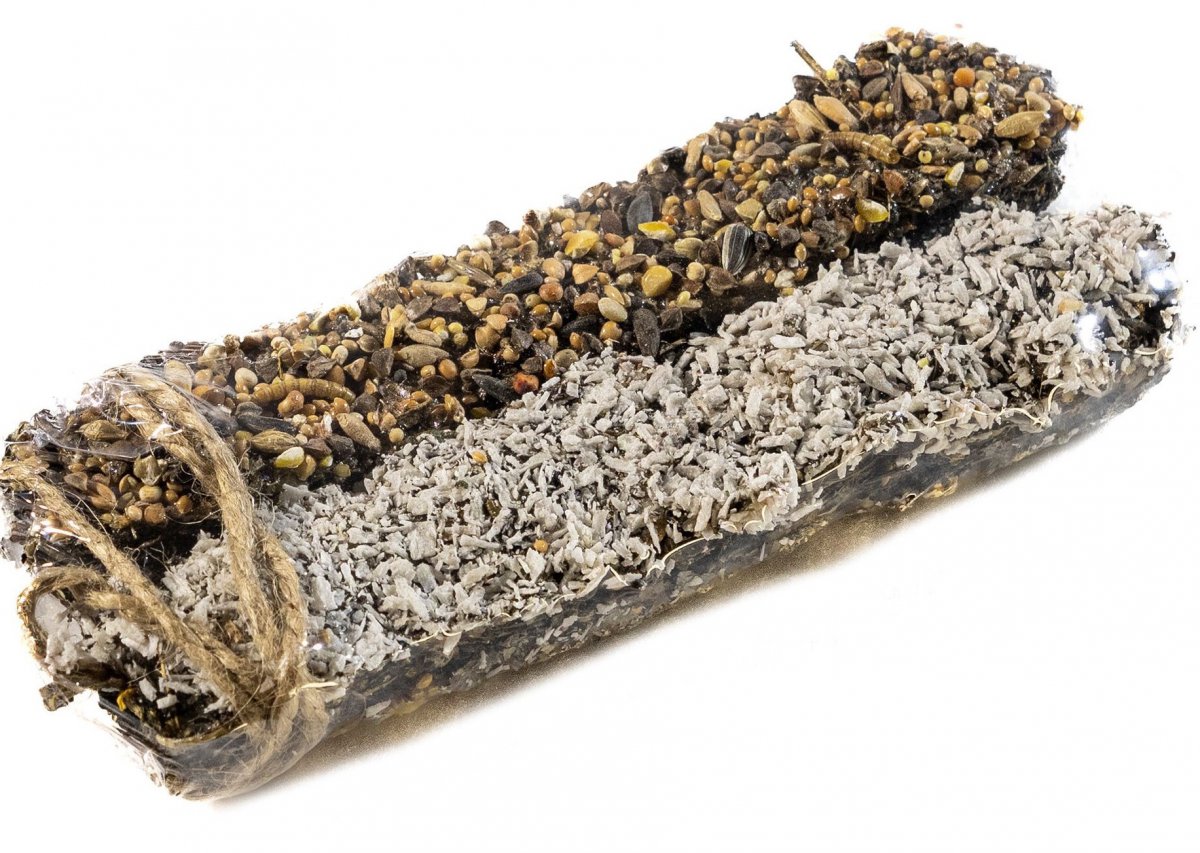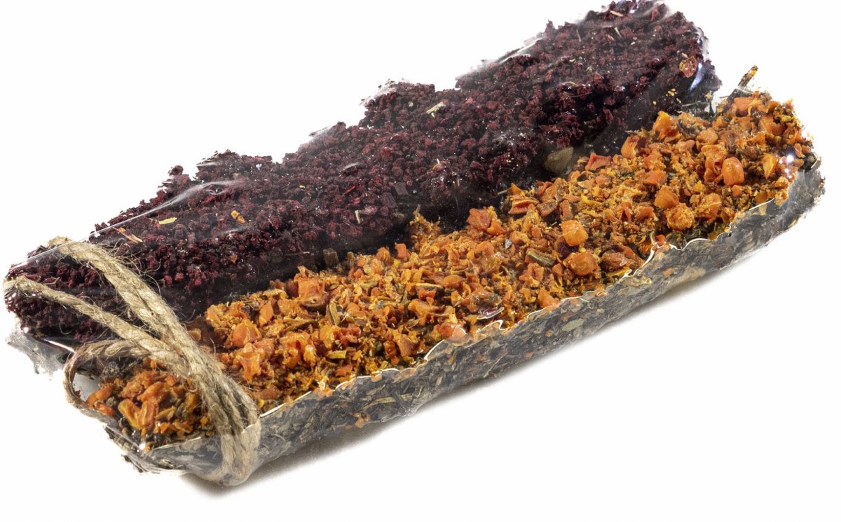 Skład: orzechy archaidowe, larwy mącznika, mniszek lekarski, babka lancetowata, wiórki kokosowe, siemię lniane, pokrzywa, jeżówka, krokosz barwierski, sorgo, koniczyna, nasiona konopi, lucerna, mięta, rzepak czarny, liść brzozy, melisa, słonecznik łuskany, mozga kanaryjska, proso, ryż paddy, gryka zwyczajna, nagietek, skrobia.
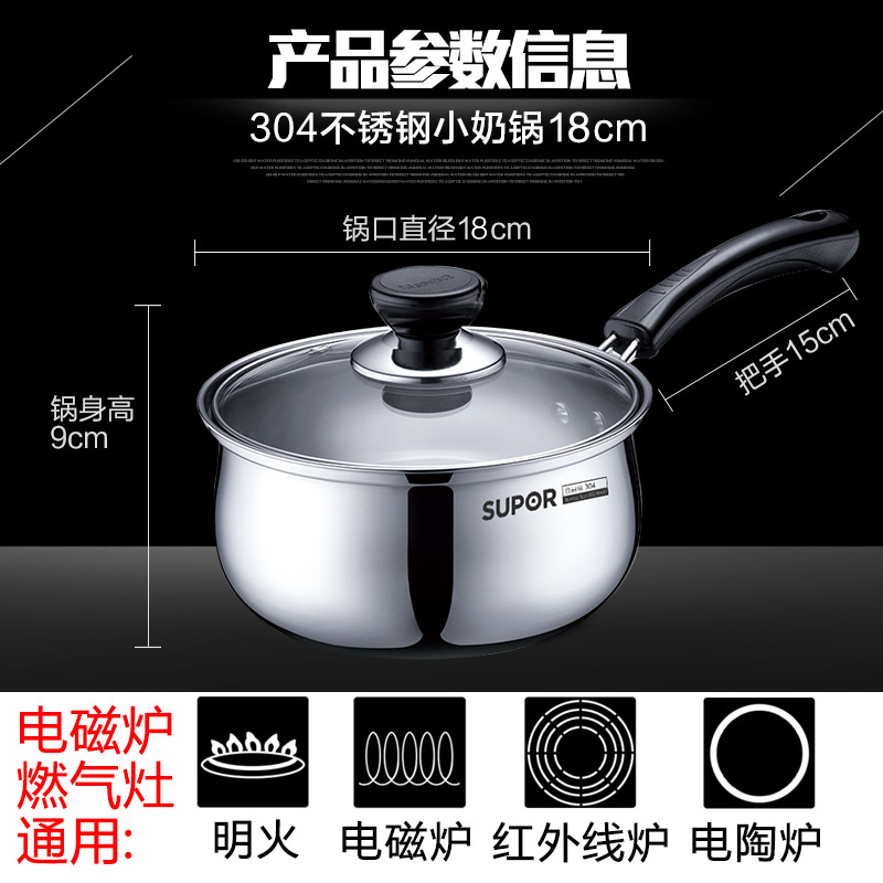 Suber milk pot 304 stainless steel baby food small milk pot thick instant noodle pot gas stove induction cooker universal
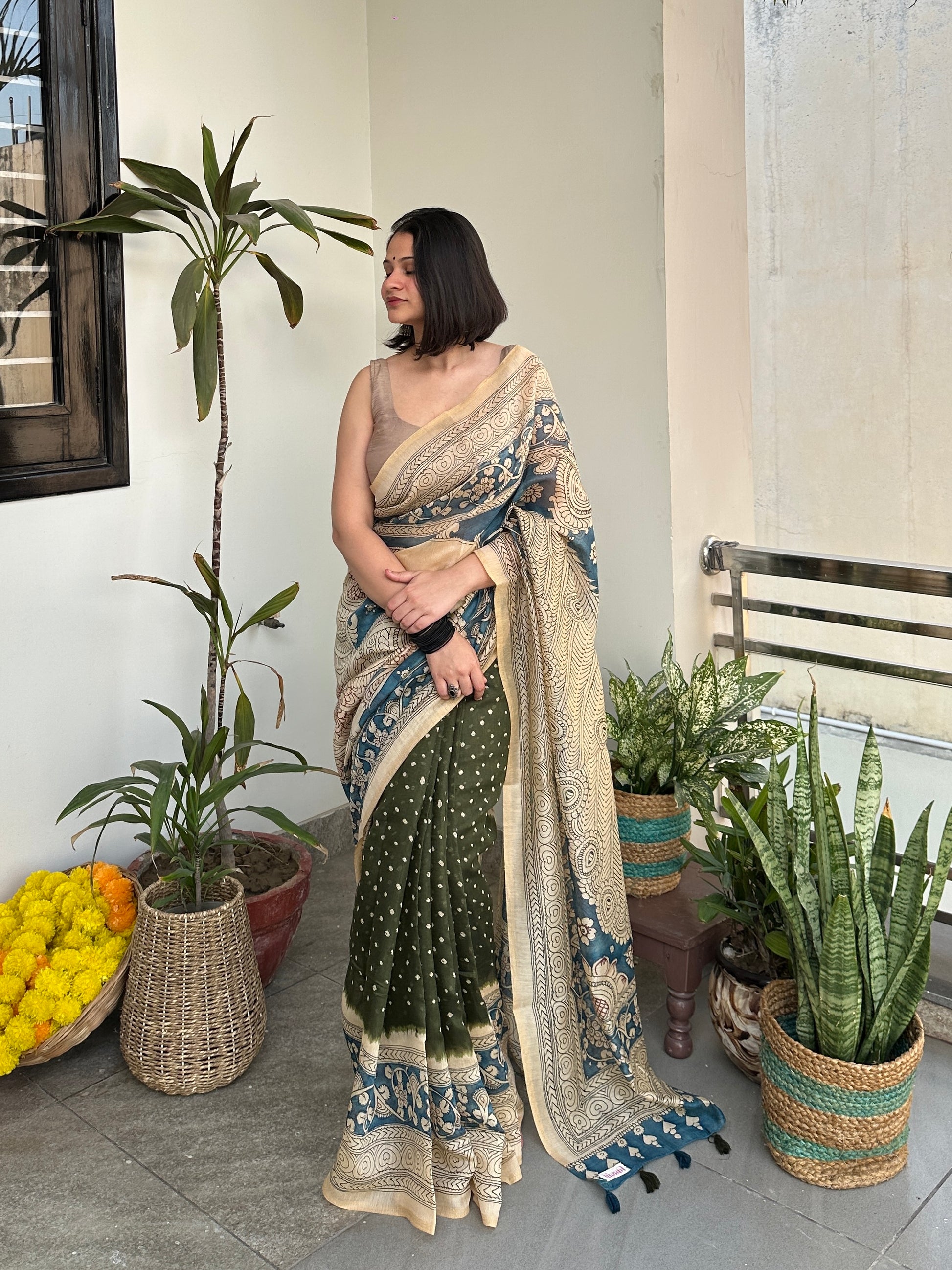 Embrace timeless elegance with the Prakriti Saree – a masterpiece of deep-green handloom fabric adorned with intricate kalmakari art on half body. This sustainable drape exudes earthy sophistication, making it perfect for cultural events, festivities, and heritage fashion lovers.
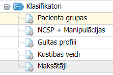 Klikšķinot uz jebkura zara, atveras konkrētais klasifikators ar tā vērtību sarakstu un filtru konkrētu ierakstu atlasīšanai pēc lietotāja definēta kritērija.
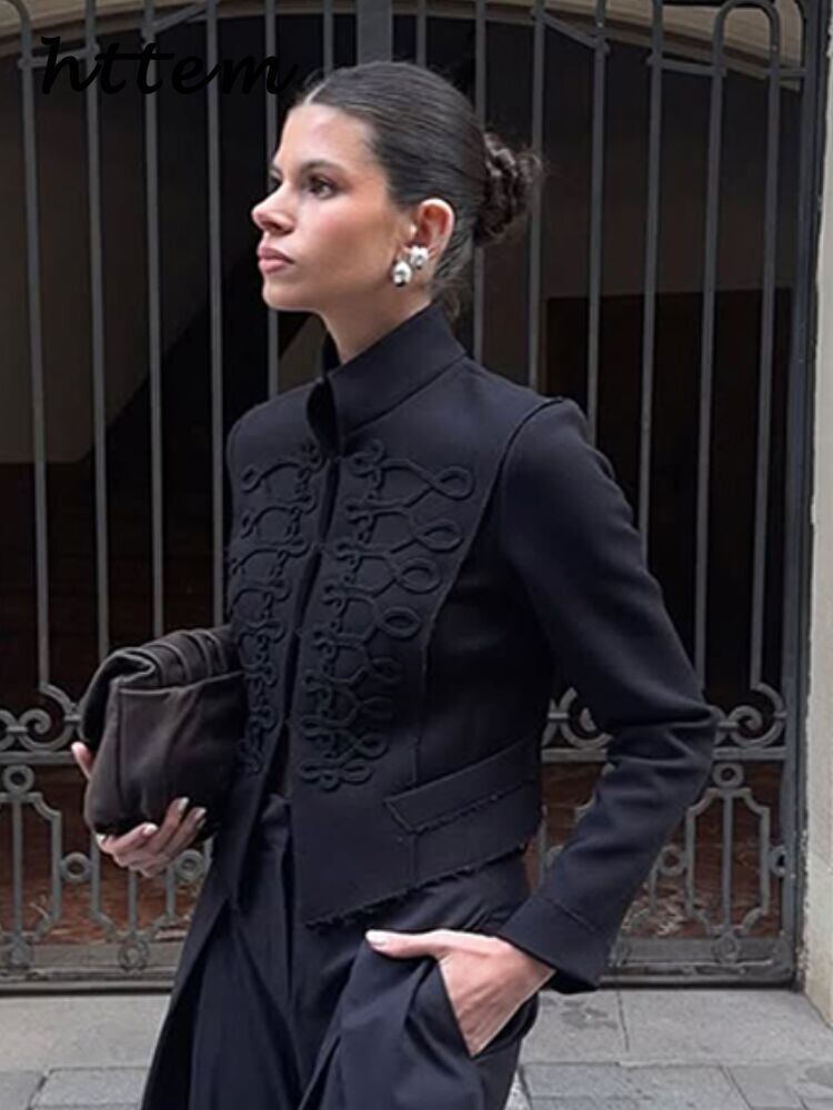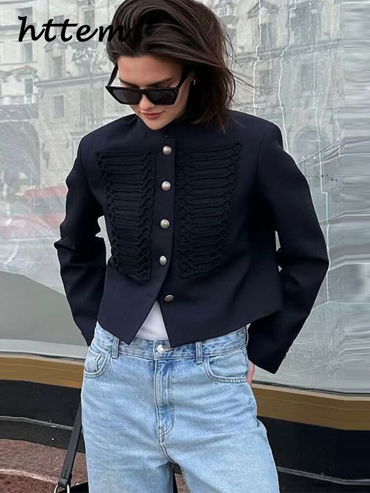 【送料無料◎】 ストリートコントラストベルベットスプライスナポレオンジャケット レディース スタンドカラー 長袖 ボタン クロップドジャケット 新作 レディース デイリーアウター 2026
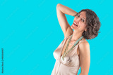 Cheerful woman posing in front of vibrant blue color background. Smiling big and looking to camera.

□ □ □

> Problem statement: Each line of the data should be quoted exactly, with pictures left out.

> Task result:
 Skład: orzechy archaidowe, larwy mącznika, mniszek lekarski, babka lancetowata, wiórki kokosowe, siemię lniane, pokrzywa, jeżówka, krokosz barwierski, sorgo, koniczyna, nasiona konopi, lucerna, mięta, rzepak czarny, liść brzozy, melisa, słonecznik łuskany, mozga kanaryjska, proso, ryż paddy, gryka zwyczajna, nagietek, skrobia.
 Suber milk pot 304 stainless steel baby food small milk pot thick instant noodle pot gas stove induction cooker universal
 Embrace timeless elegance with the Prakriti Saree – a masterpiece of deep-green handloom fabric adorned with intricate kalmakari art on half body. This sustainable drape exudes earthy sophistication, making it perfect for cultural events, festivities, and heritage fashion lovers.
 Klikšķinot uz jebkura zara, atveras konkrētais klasifikators ar tā vērtību sarakstu un filtru konkrētu ierakstu atlasīšanai pēc lietotāja definēta kritērija.
 【送料無料◎】 ストリートコントラストベルベットスプライスナポレオンジャケット レディース スタンドカラー 長袖 ボタン クロップドジャケット 新作 レディース デイリーアウター 2026
 Cheerful woman posing in front of vibrant blue color background. Smiling big and looking to camera.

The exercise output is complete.